The gentleman in the flame video is my partner, @hi-nrg-joe, who answered your questions above, too.

Yes, you can do an outline in one size and the fill in another. You can also do the outline in one color and the fill in the same size but a different color. That's how I do most of my designs because I think a clear outline makes the fill color pop like crazy.


----------



## duran118 (Sep 17, 2009)

is it possible to do a video tutorial on that. i have 5 orders due by next weekend and i agree that the design pops more when done this way. as i said right now i am using smart cut and don't really want to design using that software as i feel using your product is far superior and would save a tremendous amount of design time.


----------



## DivineBling (Sep 14, 2010)

Sure... I'm trying to finish up some orders right now as Divine Bling but I will make a tutorial on that in just a bit!


----------



## duran118 (Sep 17, 2009)

You are the best!!! Thank you soooo much!!!


----------



## DivineBling (Sep 14, 2010)

Would you believe I'm still making shirts! Sheesh! Trying to get totally caught up! But I stopped to make the video anyway and it's rendering now. I'll get it posted shortly.


----------



## DivineBling (Sep 14, 2010)

Here you go...

http://www.t-shirtforums.com/rhinestone-decoration/t177851.html


----------



## duran118 (Sep 17, 2009)

the sizes of the stones that are loaded in the software are too small when i try to cut them. i am using korean cut stones. and not 1 of my stones would fit in the holes. how do i define my own palette with my defined hole sizes. can you tell me the size of the circles that you cut for ss6 and ss10. i realize there might be a slight difference but i am looking for a starting point. thanks.


----------



## DivineBling (Sep 14, 2010)

Hi Larry... You actually have the larger hole libraries in your software.

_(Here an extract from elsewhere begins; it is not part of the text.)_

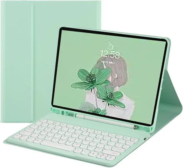 HENGHUI Keyboard Case for Galaxy Tab S6 Lite 10.4 inch Keyboard Case Cute Round Key Color Keyboard Wireless Detachable BT Keyboard Cover with S Pen Holder (MintGreen)
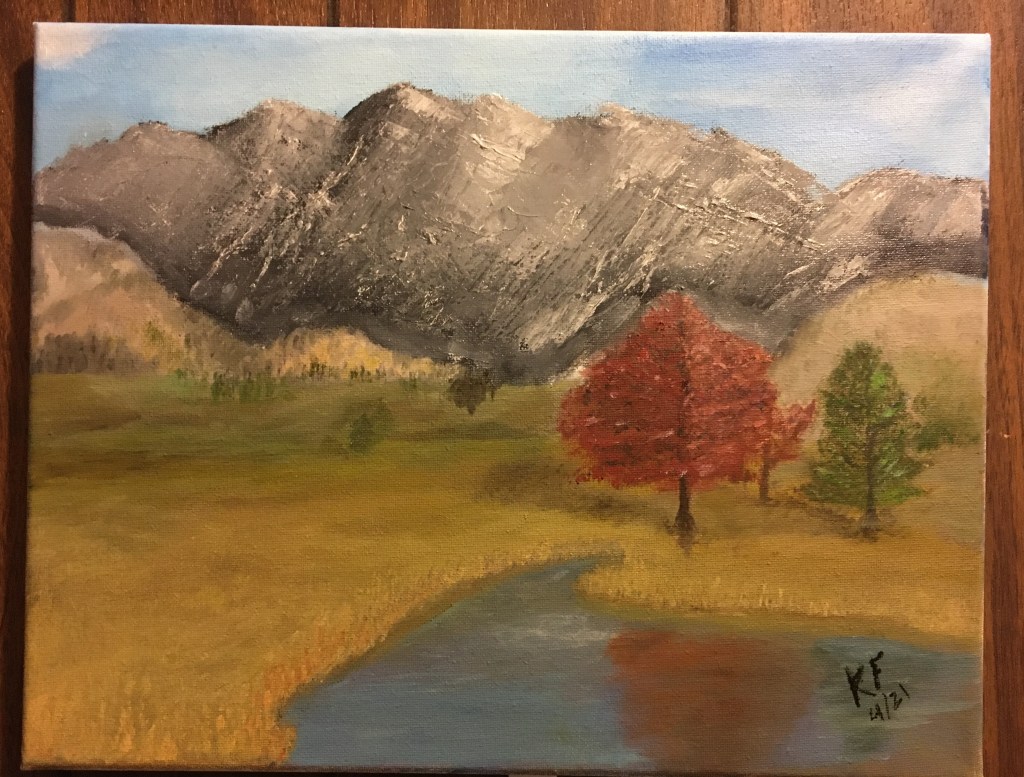 I needed a “blue hue” in the background of the valley in order to show depth. That took quite a few tries. I redid the red tree and concentrated on their reflection in the stream.

I just have to help you fix a file to activate them. I'll email you a little later to explain how. I'm in Vegas right now just finishing breaking down for the Magic Show.


----------



## duran118 (Sep 17, 2009)

thank you mucho!


----------



## duran118 (Sep 17, 2009)

hey stephanie,

any luck on being able to send that email to correct the stone sizing?


----------



## DivineBling (Sep 14, 2010)

It will be easier for me to make a little video for you. I'll make that when I get home tonight from Vegas and send you an email with the link, okay?


----------



## duran118 (Sep 17, 2009)

sounds good. thanks.


----------



## duran118 (Sep 17, 2009)

stephanie, can you tell me real quick before the video, what size do hole do you use to cut your ss6 and ss10 stones


----------



## DivineBling (Sep 14, 2010)

duran118 said:


> stephanie, can you tell me real quick before the video, what size do hole do you use to cut your ss6 and ss10 stones


I use .127 for ss10 and .099 for ss6.


----------



## duran118 (Sep 17, 2009)

thanks. looking forward to the video!


----------



## sunnydayz (Jun 22, 2007)

Hi Stephanie 

Like we talked about in the private message, as soon as you removed your website from the beginning of the video and give me a new link to replace it with, I will just leave it here. Once I get the new link, we will replace it and move it back to the rhinestone section.

Thanks


----------



## SewChic (Aug 21, 2011)

Duran,
Curious... you said, "i was using DAS software prior and have a bunch of designs already done. if i bring them into oobling as an eps file, am i able to convert all my circles to be output with your program." I am researching software... what didn't you like about DAS?
Patty


----------